Exercise -
In the entries that follow, repeat exactly the lines from the one that has "EZT, TWIN EZ-TOPPER™, FUDGE" through the one that has "Базовый джемпер с", but omit pictures.

Provided data -
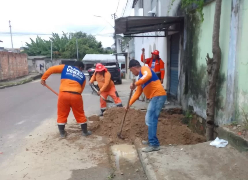 A Prefeitura de Manaus, por meio da Secretaria Municipal de infraestrutura (Seminf), intensificou neste sábado, 13/12, as frentes de trabalho na rua Heitor Galeão, no bairro Zumbi dos Palmares, zona Leste. As equipes executam um pacote completo de serviços para recuperar a drenagem superficial e profunda, atuando na limpeza de caixas coletoras, desobstrução de tubulações, substituição de trechos danificados e realinhamento da REDE para melhorar o escoamento das águas pluviais.
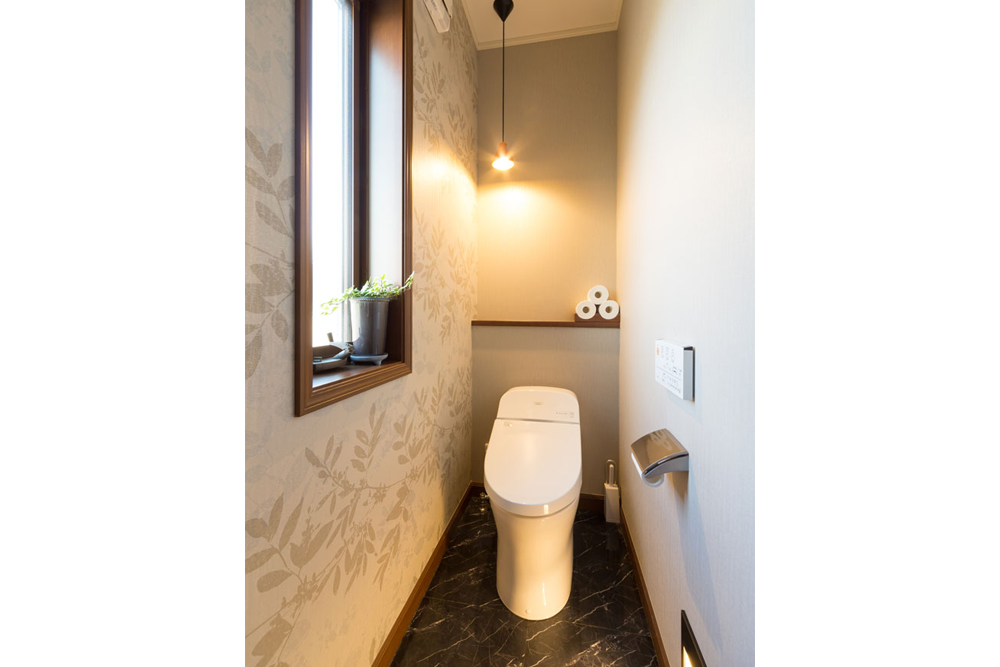 営業の高橋さんは、とても親身になって私たちの話を聞いて下さり、質問したこと以上の答えが返ってきて、不安な点もどんどん解消されていきました。設計士さん、インテリアコーディネーターさんの提案力も、いつも期待以上のものが上がってくるので打ち合わせをするのが楽しみでした。ただ希望を聞くだけではなくて、それはやめた方がいい、という指摘もしてくれましたので、安心してお任せすることができましたね。外観デザインのポイントである三連窓の窓枠を天然木にすることを提案してもらったおかげで格調高く、落ち着いた雰囲気になったので気に入っています。玄関前の庭スペースも展示場と同じように作ってもらったんですよ(笑)。
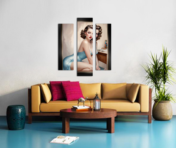 Elegant Pin-Up Girl Beauty In Satin Blue Attire Reading At Her Vanity Mesmerizing AI Concept Art by Xzendor7 Canvas print
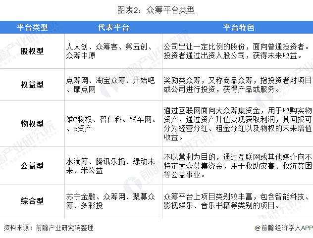 众筹平台按照业务种类的不同可分为以人人创、众筹客为代表的股权型平台,以点筹网、淘宝众筹为代表的权益型平台,以维C物权、智仁科为代表的物权型平台,以水滴筹、腾讯乐捐为代表的公益型平台,和以苏宁金融、众筹网为代表的综合型平台。
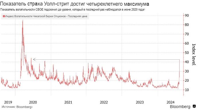 Индикатор страха Уолл-стрит, VIX, торгуется на уровнях, не наблюдавшихся с июня 2020 года, в то время как такие активы-убежища, как казначейские облигации и иена, стали бенефициарами этой паники.
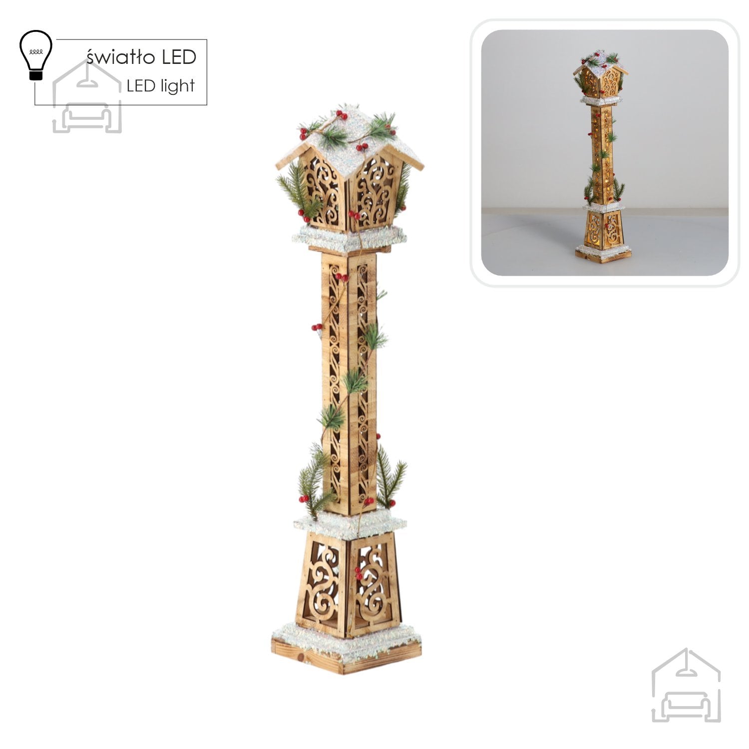 Lesena konstrukcija in topla LED osvetlitev: Praznična lesena rjava lanterna LED 16 × 16 × 85 cm – Chomik.
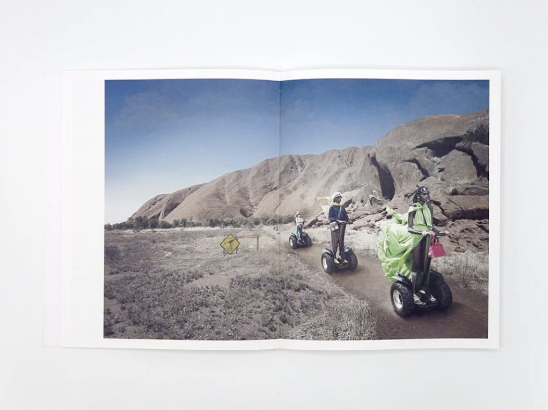 The resulting images are quietly virtuosic. Soft, painterly tones and fastidious compositional details provide a filmic backdrop for historical pathos, speculative futures, imaginary leaps, and unrestrained what-ifs. They veer between the sumptuous and the stark, the historical and the speculative, the political and the playful.
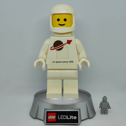 Brugt, åben emballage, håndlavet 3D-printet kopi af en Classic Space minifigur, ca. 35 cm høj i plast, bevægelige arme og ben og aftagelige tilbehør; ikke et officielt LEGO-produkt, beregnet som dekorativ samlergenstand til voksne. Klik på den blå "gå til varen" knap, for at købe eller byde på denne vare. Den samlede pris vil blive vist inden du afgiver dit bud.
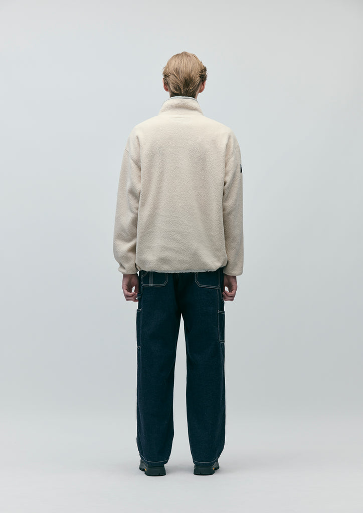 A pair of two-tuck pants made from thick serge fabric with a firm structure. Uses a non-stretch material that resists shape deformation. Features "N"-shaped design stitching on the hip pockets. Equipped with original tack buttons, a front zipper, and signature tape. Includes a brand tag on the back of the waistband and side seam. Relaxed silhouette.
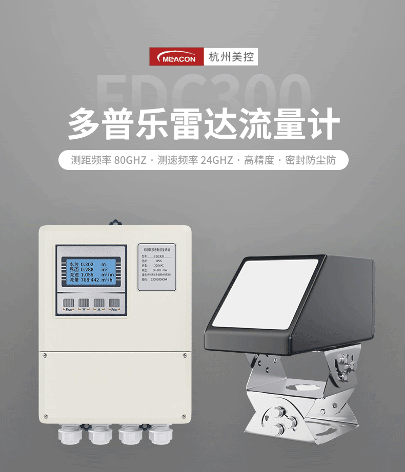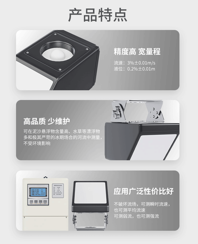 本产品是在自然水域中测量水的流速、水位的仪表。测距雷达单元工作频率为 80GHz,测速雷达单元工作频率为 24GHz。测量点在机体前方,不破坏流场,适用于泥沙悬浮物含量高、水草等漂浮物多和极其严苛的冰期场合的河流中测量。可广泛适用于水位测站、灌溉支渠、污雨水管网等流量监测。
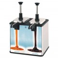 EZT, TWIN EZ-TOPPER™, FUDGE & CARAMEL TOPPING WARMER, DUAL POUCH, thermostatically-controlled, dry heat (non-water bath), dispenses from 48 oz. fudge and caramel topping pouches with 16 mm center fitment, while warming a second of each in reserve, includes supports for occasions when pre-heating a second pouch is not needed, stainless steel pumps, serve 1 oz., which can be reduced in 1/8 oz. increments with supplied collars, includes magnetic hot fudge and caramel merchandising signs, stainless steel, 400 watts, 120v/60/1-ph, 3.3 amps, cord, NEMA 5-15P, cULus, NSF
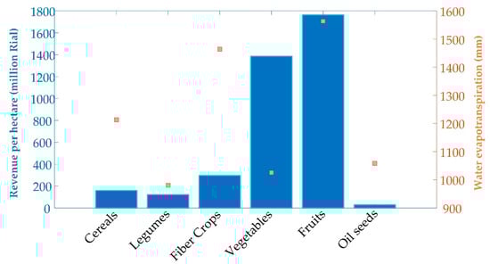 Figure 6 provides a comparison between water evapotranspiration and average revenue per hectare of different crop types. From 2005 to 2014, the total water that used in the production of cereals, legumes, fiber crops, vegetables, and oil seeds decreased by 25% or 217.06 × 106 m3. The irrigation water consumed in fruits, though, increased dramatically by 148% or 251.00 × 106 m3. This reallocation of limited water resources to water-intensive crops like fruits resulted in increasing water withdrawal during this period (Figure 9). Regarding the depicted results in Figure 6 along with the results shown in Table 3, vegetables are the most environmentally (low TVW) and second economically (high revenue per hectare) sustainable category. Therefore, it is worth to increase the cultivation area of this crop type. By applying this crop pattern, farmers would gain more profit by using the same amount of water or even less.
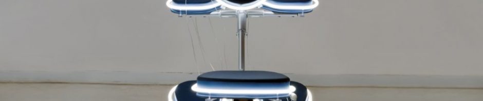 Aura 3 by Barak Ravitz, a blue massage chair surrounded by neon tubing, succeeds in presenting itself as a throne as well as an electric chair, both mystical chariot and memento of life’s fragility. If the electricity fails, the light – the protective, glowing aura surrounding the chair –– would disappear immediately, leaving it lifeless, a body without a soul.
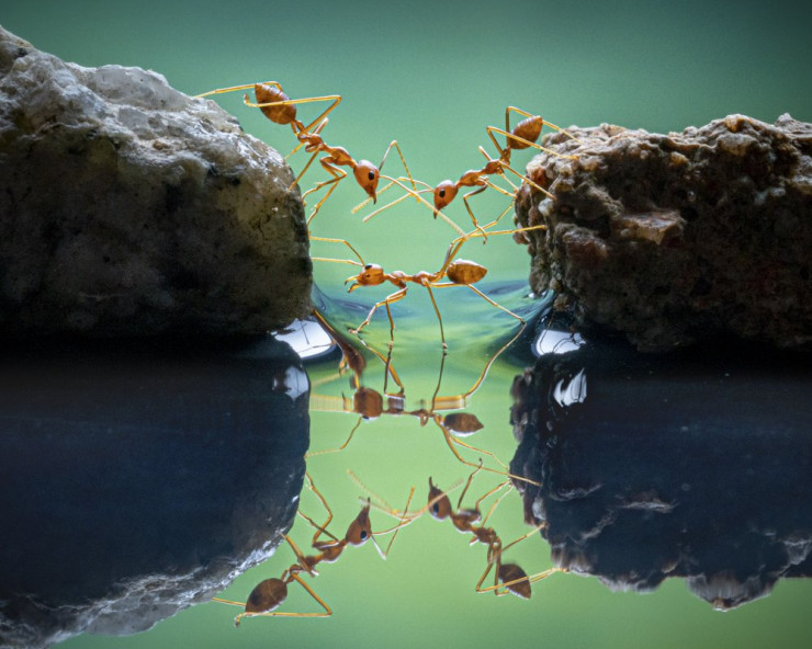 Обыкновенный красный муравей изобретателен в перемещении по местности. Когда впереди идущие муравьи-разведчики сталкиваются с водным препятствием, они интуитивно образуют "муравьиный мост" своими телами, чтобы их товарищи-муравьи в задней части группы могли пересечь его.
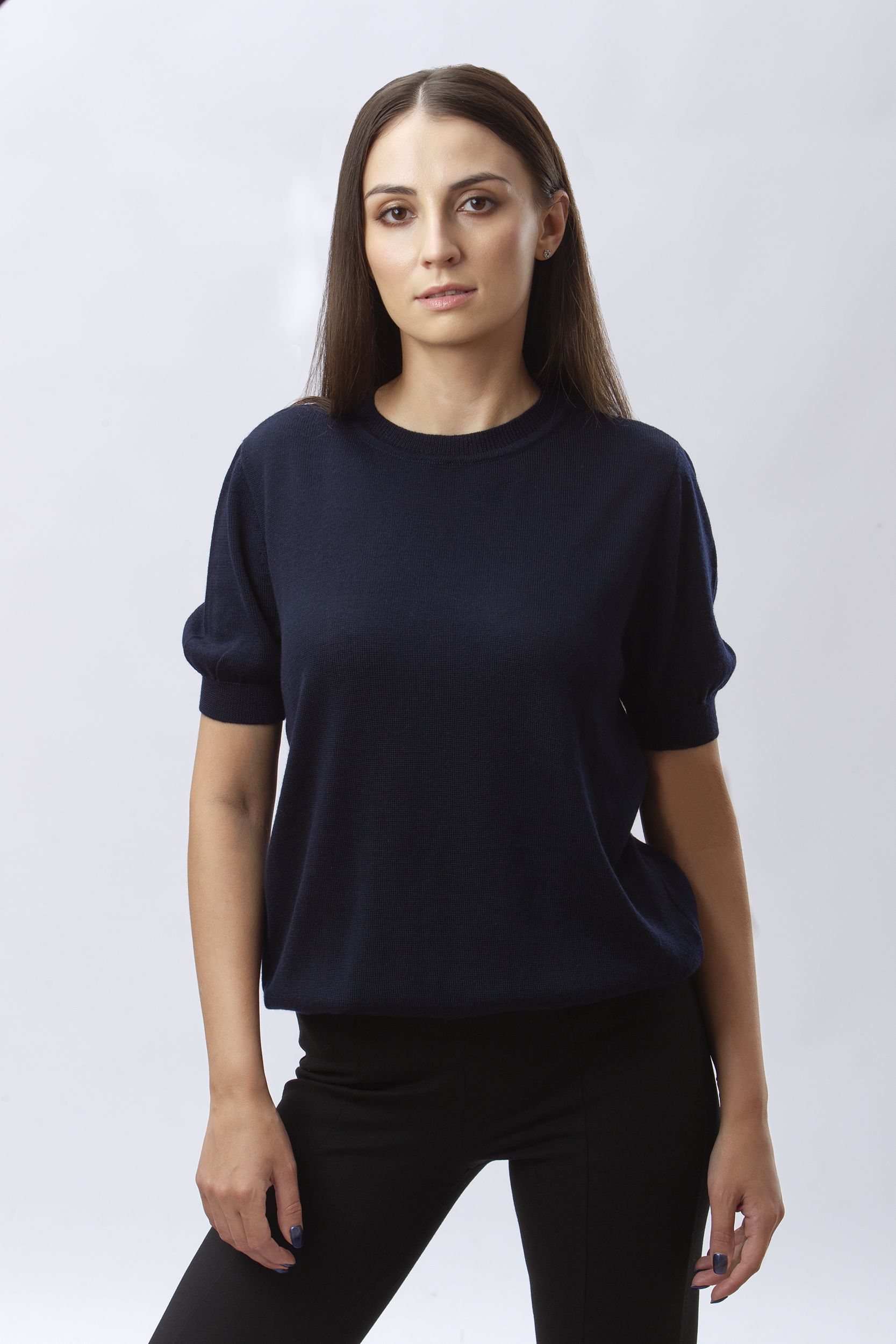 Базовый джемпер с коротким рукавом из пряжи натурального состава: 90% меринос экстра файн, 10% кашемир.
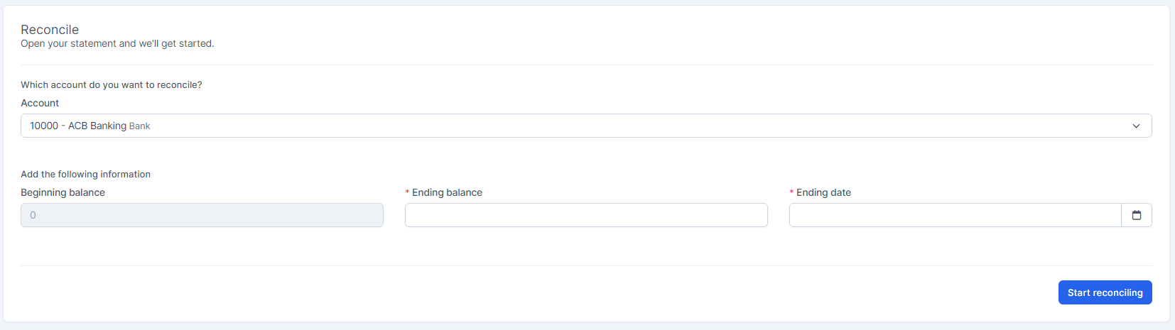 Step 2. From the Account dropdown, select the account you want to reconcile. -> Enter the Ending balance and Ending date
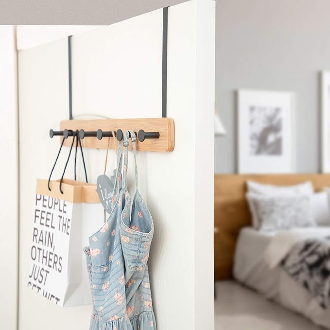 Badiano Over The Door Hook Hanger, Bamboo Coat Rack with 5 Metal Hooks, Wood Clothes Organizer for Coat, Towels, Bags, Robes (Black)
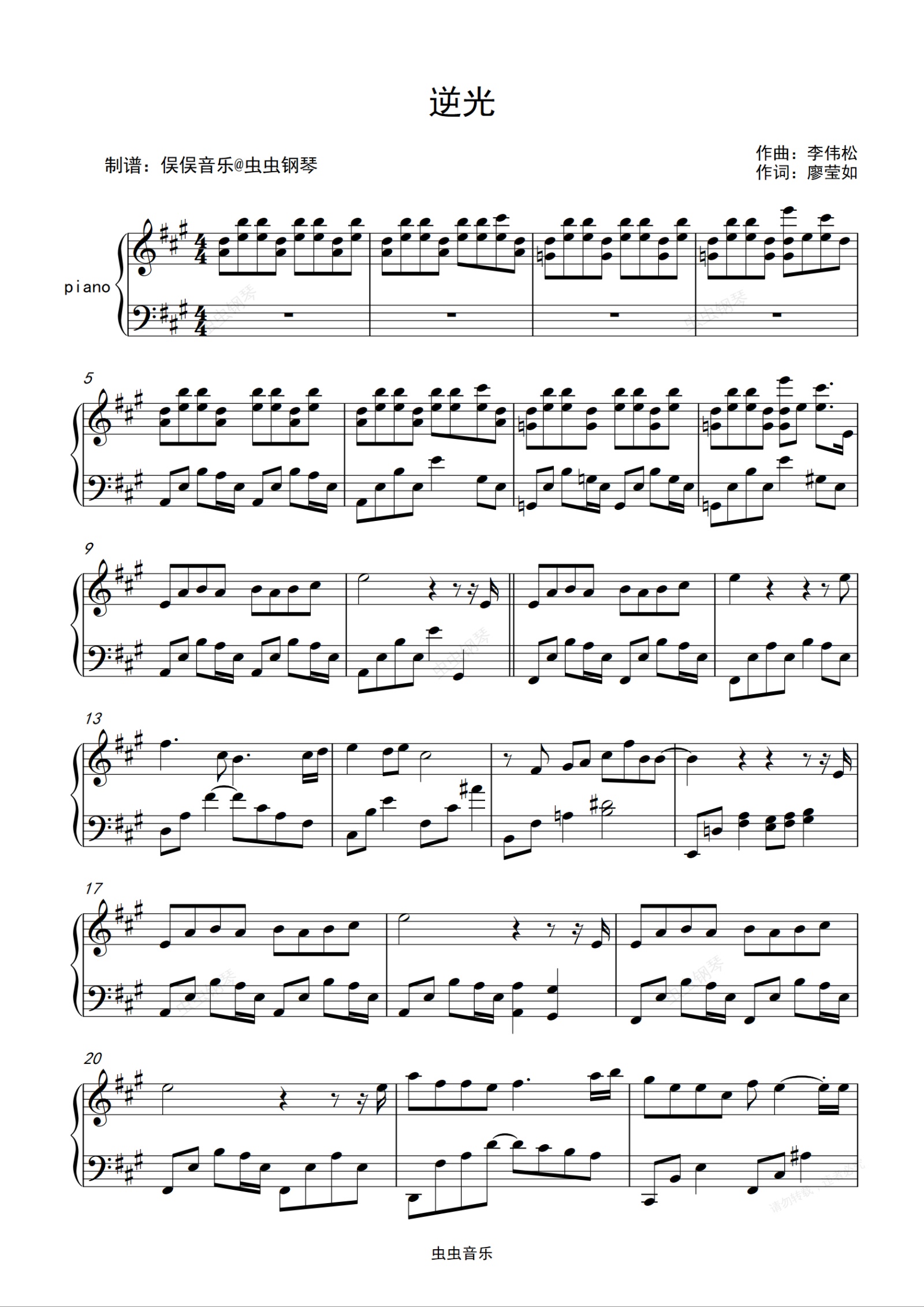 钢琴谱:孙燕姿-逆光(A调完美复刻版)

Output -
 EZT, TWIN EZ-TOPPER™, FUDGE & CARAMEL TOPPING WARMER, DUAL POUCH, thermostatically-controlled, dry heat (non-water bath), dispenses from 48 oz. fudge and caramel topping pouches with 16 mm center fitment, while warming a second of each in reserve, includes supports for occasions when pre-heating a second pouch is not needed, stainless steel pumps, serve 1 oz., which can be reduced in 1/8 oz. increments with supplied collars, includes magnetic hot fudge and caramel merchandising signs, stainless steel, 400 watts, 120v/60/1-ph, 3.3 amps, cord, NEMA 5-15P, cULus, NSF
 Figure 6 provides a comparison between water evapotranspiration and average revenue per hectare of different crop types. From 2005 to 2014, the total water that used in the production of cereals, legumes, fiber crops, vegetables, and oil seeds decreased by 25% or 217.06 × 106 m3. The irrigation water consumed in fruits, though, increased dramatically by 148% or 251.00 × 106 m3. This reallocation of limited water resources to water-intensive crops like fruits resulted in increasing water withdrawal during this period (Figure 9). Regarding the depicted results in Figure 6 along with the results shown in Table 3, vegetables are the most environmentally (low TVW) and second economically (high revenue per hectare) sustainable category. Therefore, it is worth to increase the cultivation area of this crop type. By applying this crop pattern, farmers would gain more profit by using the same amount of water or even less.
 Aura 3 by Barak Ravitz, a blue massage chair surrounded by neon tubing, succeeds in presenting itself as a throne as well as an electric chair, both mystical chariot and memento of life’s fragility. If the electricity fails, the light – the protective, glowing aura surrounding the chair –– would disappear immediately, leaving it lifeless, a body without a soul.
 Обыкновенный красный муравей изобретателен в перемещении по местности. Когда впереди идущие муравьи-разведчики сталкиваются с водным препятствием, они интуитивно образуют "муравьиный мост" своими телами, чтобы их товарищи-муравьи в задней части группы могли пересечь его.
 Базовый джемпер с коротким рукавом из пряжи натурального состава: 90% меринос экстра файн, 10% кашемир.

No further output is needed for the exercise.